#### Task to carry out:
Carry over every entry exactly as written, though not the pictures it contains.

Dataset records
* * *

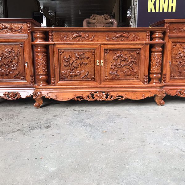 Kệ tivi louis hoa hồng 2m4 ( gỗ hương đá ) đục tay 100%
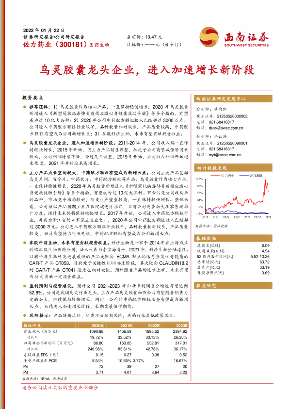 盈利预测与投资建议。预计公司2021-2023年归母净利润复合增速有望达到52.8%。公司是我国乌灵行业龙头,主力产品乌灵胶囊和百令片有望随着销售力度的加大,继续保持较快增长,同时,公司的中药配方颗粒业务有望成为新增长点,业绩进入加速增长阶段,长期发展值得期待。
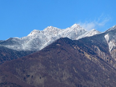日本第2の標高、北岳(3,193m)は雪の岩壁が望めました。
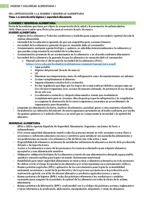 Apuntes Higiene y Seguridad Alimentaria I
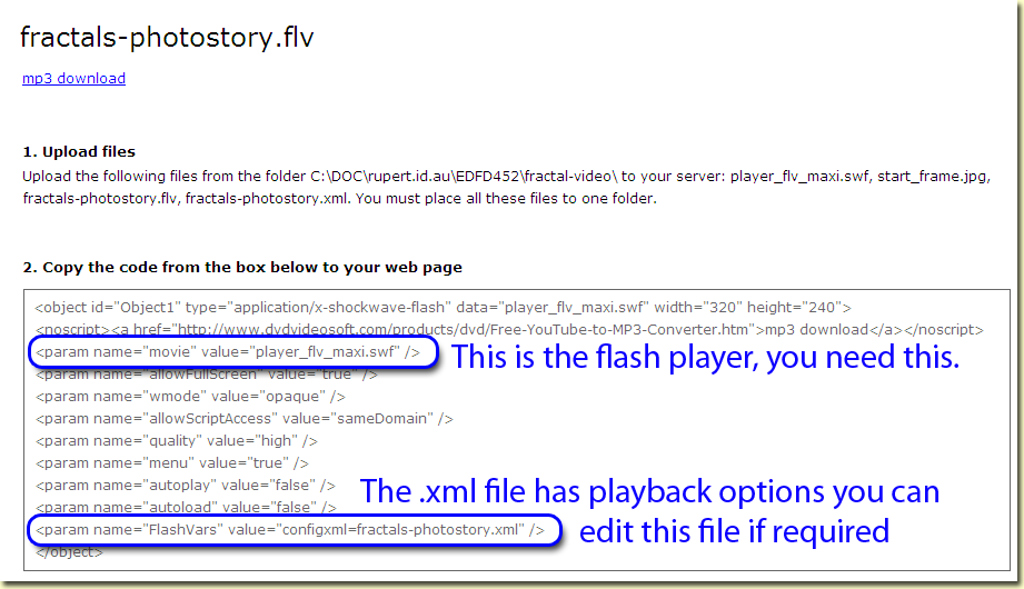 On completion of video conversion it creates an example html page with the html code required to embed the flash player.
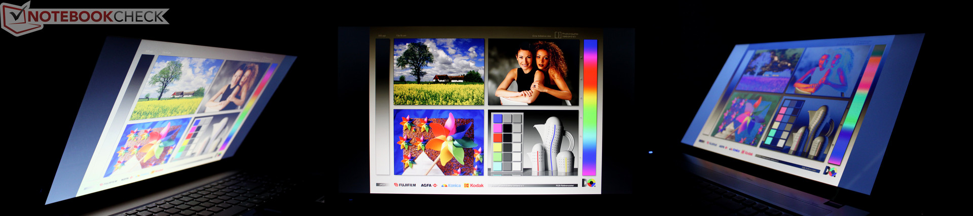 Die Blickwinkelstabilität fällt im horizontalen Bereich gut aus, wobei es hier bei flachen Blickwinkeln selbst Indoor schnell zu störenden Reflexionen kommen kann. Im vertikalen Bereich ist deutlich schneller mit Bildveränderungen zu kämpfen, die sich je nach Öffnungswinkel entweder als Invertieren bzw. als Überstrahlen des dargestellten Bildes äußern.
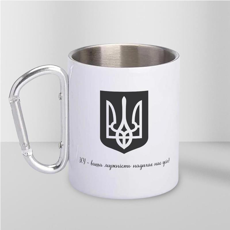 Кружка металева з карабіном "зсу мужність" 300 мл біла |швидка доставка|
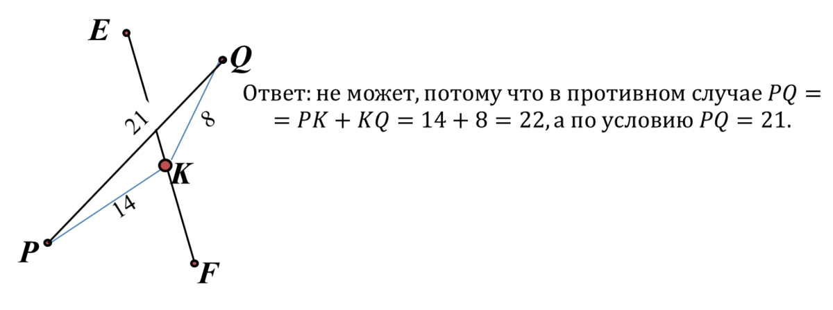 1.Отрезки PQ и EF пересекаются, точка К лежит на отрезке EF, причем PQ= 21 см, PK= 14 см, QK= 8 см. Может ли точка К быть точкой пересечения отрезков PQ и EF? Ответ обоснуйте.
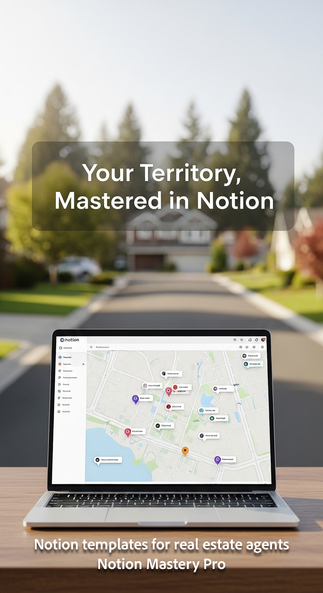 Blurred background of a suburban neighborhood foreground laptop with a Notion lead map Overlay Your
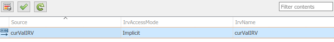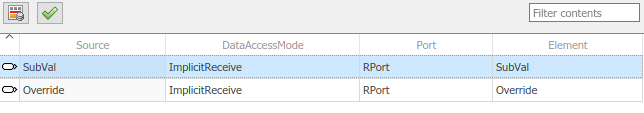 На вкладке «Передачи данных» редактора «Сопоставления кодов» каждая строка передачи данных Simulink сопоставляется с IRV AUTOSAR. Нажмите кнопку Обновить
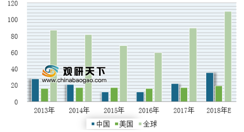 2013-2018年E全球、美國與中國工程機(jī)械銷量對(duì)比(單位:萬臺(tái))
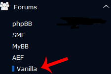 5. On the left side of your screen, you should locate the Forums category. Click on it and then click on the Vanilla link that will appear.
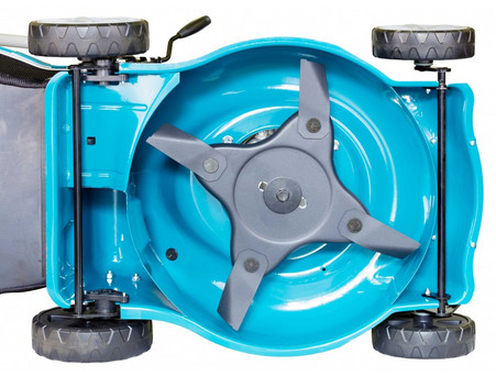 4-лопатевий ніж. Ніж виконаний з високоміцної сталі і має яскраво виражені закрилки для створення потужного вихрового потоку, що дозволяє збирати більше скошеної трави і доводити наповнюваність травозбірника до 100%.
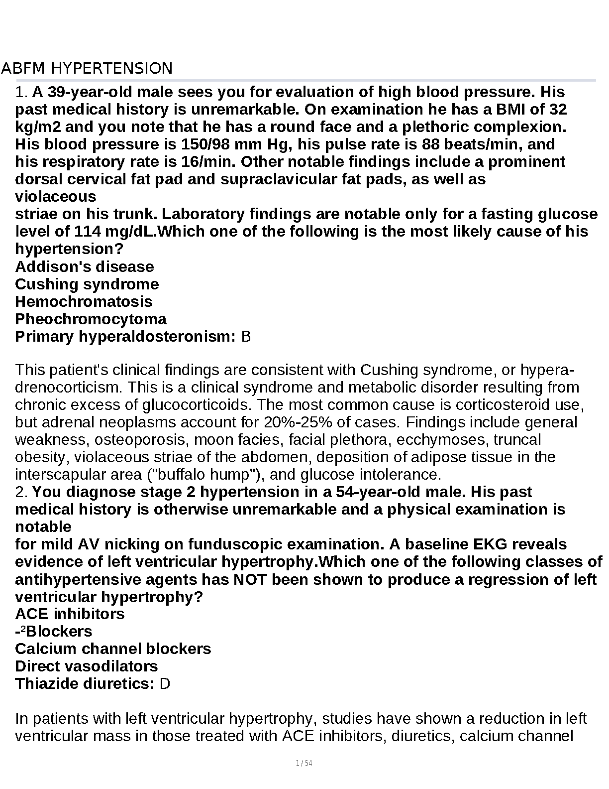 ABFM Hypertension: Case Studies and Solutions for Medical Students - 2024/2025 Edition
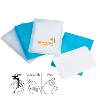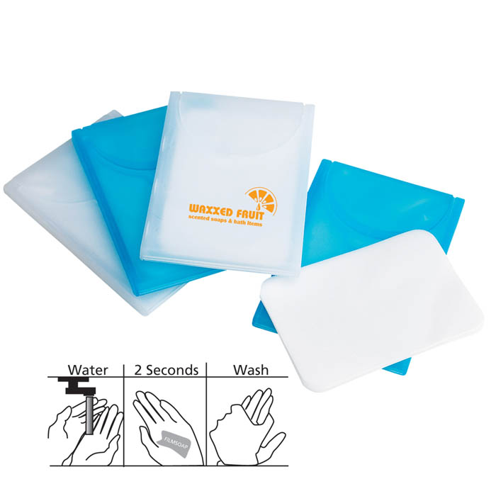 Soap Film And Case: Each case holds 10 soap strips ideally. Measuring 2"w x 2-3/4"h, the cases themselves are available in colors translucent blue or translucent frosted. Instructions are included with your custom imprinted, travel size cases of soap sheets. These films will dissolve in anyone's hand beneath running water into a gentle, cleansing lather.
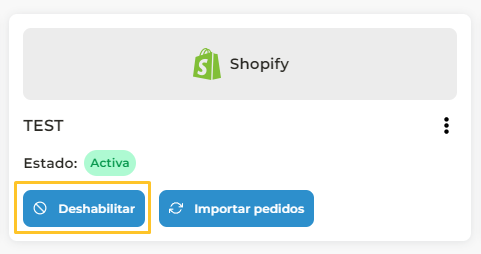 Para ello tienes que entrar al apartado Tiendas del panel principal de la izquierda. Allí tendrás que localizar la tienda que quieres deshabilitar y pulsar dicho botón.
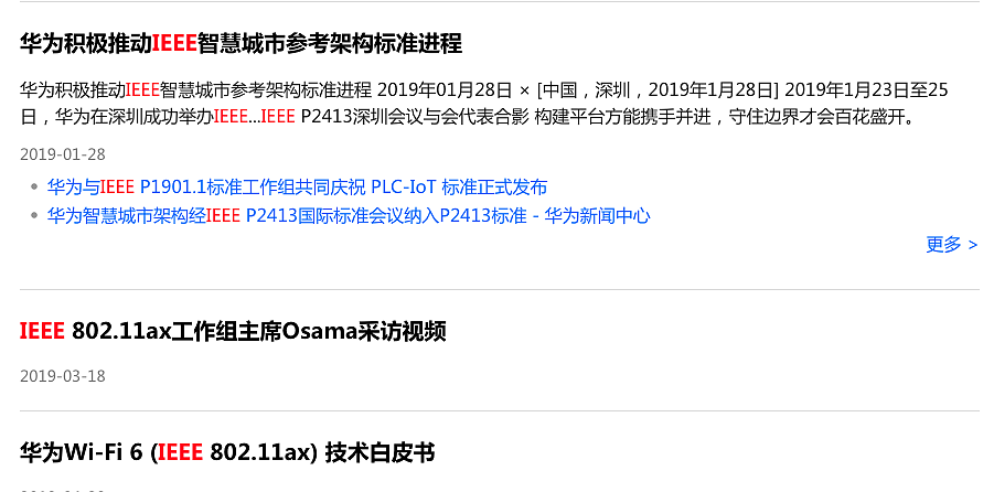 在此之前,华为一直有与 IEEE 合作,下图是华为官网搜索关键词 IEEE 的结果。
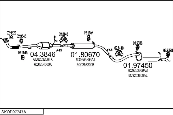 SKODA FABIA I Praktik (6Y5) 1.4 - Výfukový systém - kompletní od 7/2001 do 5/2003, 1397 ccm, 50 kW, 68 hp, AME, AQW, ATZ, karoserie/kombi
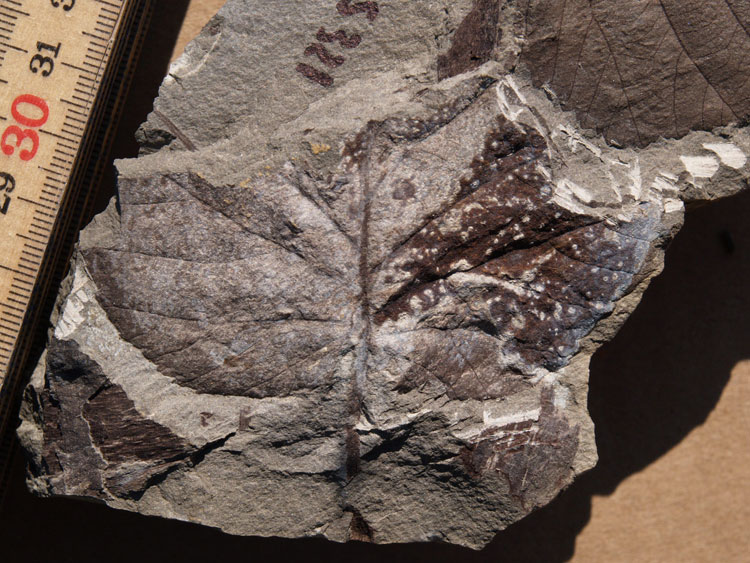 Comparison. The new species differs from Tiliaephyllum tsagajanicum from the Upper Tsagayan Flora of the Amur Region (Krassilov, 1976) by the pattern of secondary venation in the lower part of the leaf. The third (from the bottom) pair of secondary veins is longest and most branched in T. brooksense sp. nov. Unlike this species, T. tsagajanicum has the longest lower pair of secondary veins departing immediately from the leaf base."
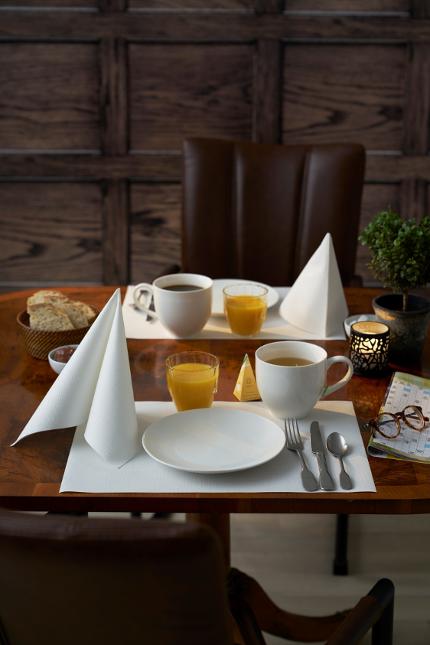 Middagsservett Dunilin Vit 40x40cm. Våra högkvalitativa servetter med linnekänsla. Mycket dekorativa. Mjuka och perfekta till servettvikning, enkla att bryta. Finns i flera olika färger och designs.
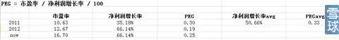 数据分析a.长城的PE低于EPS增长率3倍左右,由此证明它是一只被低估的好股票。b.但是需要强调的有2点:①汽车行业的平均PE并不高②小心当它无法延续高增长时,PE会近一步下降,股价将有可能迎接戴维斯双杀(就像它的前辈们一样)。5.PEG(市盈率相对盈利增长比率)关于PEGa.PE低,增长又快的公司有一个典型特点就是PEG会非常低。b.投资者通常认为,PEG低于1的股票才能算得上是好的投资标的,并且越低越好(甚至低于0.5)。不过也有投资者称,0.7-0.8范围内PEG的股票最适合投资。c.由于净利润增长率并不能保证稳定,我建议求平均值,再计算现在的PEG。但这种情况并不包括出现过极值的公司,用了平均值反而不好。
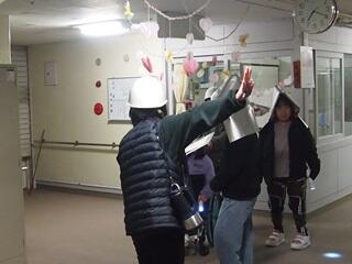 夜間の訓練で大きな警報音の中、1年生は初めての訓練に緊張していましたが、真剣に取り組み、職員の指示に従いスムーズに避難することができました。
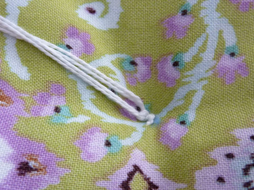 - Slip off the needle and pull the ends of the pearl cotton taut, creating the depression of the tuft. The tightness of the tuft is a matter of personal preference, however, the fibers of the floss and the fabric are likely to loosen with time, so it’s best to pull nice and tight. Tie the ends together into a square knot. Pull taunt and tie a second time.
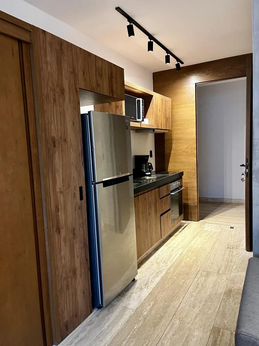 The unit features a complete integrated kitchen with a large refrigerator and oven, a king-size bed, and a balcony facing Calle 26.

* * *

#### Written reply:
 Kệ tivi louis hoa hồng 2m4 ( gỗ hương đá ) đục tay 100%
 盈利预测与投资建议。预计公司2021-2023年归母净利润复合增速有望达到52.8%。公司是我国乌灵行业龙头,主力产品乌灵胶囊和百令片有望随着销售力度的加大,继续保持较快增长,同时,公司的中药配方颗粒业务有望成为新增长点,业绩进入加速增长阶段,长期发展值得期待。
日本第2の標高、北岳(3,193m)は雪の岩壁が望めました。
 Apuntes Higiene y Seguridad Alimentaria I
 On completion of video conversion it creates an example html page with the html code required to embed the flash player.
 Die Blickwinkelstabilität fällt im horizontalen Bereich gut aus, wobei es hier bei flachen Blickwinkeln selbst Indoor schnell zu störenden Reflexionen kommen kann. Im vertikalen Bereich ist deutlich schneller mit Bildveränderungen zu kämpfen, die sich je nach Öffnungswinkel entweder als Invertieren bzw. als Überstrahlen des dargestellten Bildes äußern.
 Кружка металева з карабіном "зсу мужність" 300 мл біла |швидка доставка|
 1.Отрезки PQ и EF пересекаются, точка К лежит на отрезке EF, причем PQ= 21 см, PK= 14 см, QK= 8 см. Может ли точка К быть точкой пересечения отрезков PQ и EF? Ответ обоснуйте.
 Blurred background of a suburban neighborhood foreground laptop with a Notion lead map Overlay Your
 На вкладке «Передачи данных» редактора «Сопоставления кодов» каждая строка передачи данных Simulink сопоставляется с IRV AUTOSAR. Нажмите кнопку Обновить
 2013-2018年E全球、美國與中國工程機(jī)械銷量對(duì)比(單位:萬臺(tái))
 5. On the left side of your screen, you should locate the Forums category. Click on it and then click on the Vanilla link that will appear.
 4-лопатевий ніж. Ніж виконаний з високоміцної сталі і має яскраво виражені закрилки для створення потужного вихрового потоку, що дозволяє збирати більше скошеної трави і доводити наповнюваність травозбірника до 100%.
 ABFM Hypertension: Case Studies and Solutions for Medical Students - 2024/2025 Edition
 Soap Film And Case: Each case holds 10 soap strips ideally. Measuring 2"w x 2-3/4"h, the cases themselves are available in colors translucent blue or translucent frosted. Instructions are included with your custom imprinted, travel size cases of soap sheets. These films will dissolve in anyone's hand beneath running water into a gentle, cleansing lather.
 Para ello tienes que entrar al apartado Tiendas del panel principal de la izquierda. Allí tendrás que localizar la tienda que quieres deshabilitar y pulsar dicho botón.
 在此之前,华为一直有与 IEEE 合作,下图是华为官网搜索关键词 IEEE 的结果。
 SKODA FABIA I Praktik (6Y5) 1.4 - Výfukový systém - kompletní od 7/2001 do 5/2003, 1397 ccm, 50 kW, 68 hp, AME, AQW, ATZ, karoserie/kombi
 Comparison. The new species differs from Tiliaephyllum tsagajanicum from the Upper Tsagayan Flora of the Amur Region (Krassilov, 1976) by the pattern of secondary venation in the lower part of the leaf. The third (from the bottom) pair of secondary veins is longest and most branched in T. brooksense sp. nov. Unlike this species, T. tsagajanicum has the longest lower pair of secondary veins departing immediately from the leaf base."
 Middagsservett Dunilin Vit 40x40cm. Våra högkvalitativa servetter med linnekänsla. Mycket dekorativa. Mjuka och perfekta till servettvikning, enkla att bryta. Finns i flera olika färger och designs.
 数据分析a.长城的PE低于EPS增长率3倍左右,由此证明它是一只被低估的好股票。b.但是需要强调的有2点:①汽车行业的平均PE并不高②小心当它无法延续高增长时,PE会近一步下降,股价将有可能迎接戴维斯双杀(就像它的前辈们一样)。5.PEG(市盈率相对盈利增长比率)关于PEGa.PE低,增长又快的公司有一个典型特点就是PEG会非常低。b.投资者通常认为,PEG低于1的股票才能算得上是好的投资标的,并且越低越好(甚至低于0.5)。不过也有投资者称,0.7-0.8范围内PEG的股票最适合投资。c.由于净利润增长率并不能保证稳定,我建议求平均值,再计算现在的PEG。但这种情况并不包括出现过极值的公司,用了平均值反而不好。
 夜間の訓練で大きな警報音の中、1年生は初めての訓練に緊張していましたが、真剣に取り組み、職員の指示に従いスムーズに避難することができました。
 - Slip off the needle and pull the ends of the pearl cotton taut, creating the depression of the tuft. The tightness of the tuft is a matter of personal preference, however, the fibers of the floss and the fabric are likely to loosen with time, so it’s best to pull nice and tight. Tie the ends together into a square knot. Pull taunt and tie a second time.
 The unit features a complete integrated kitchen with a large refrigerator and oven, a king-size bed, and a balcony facing Calle 26.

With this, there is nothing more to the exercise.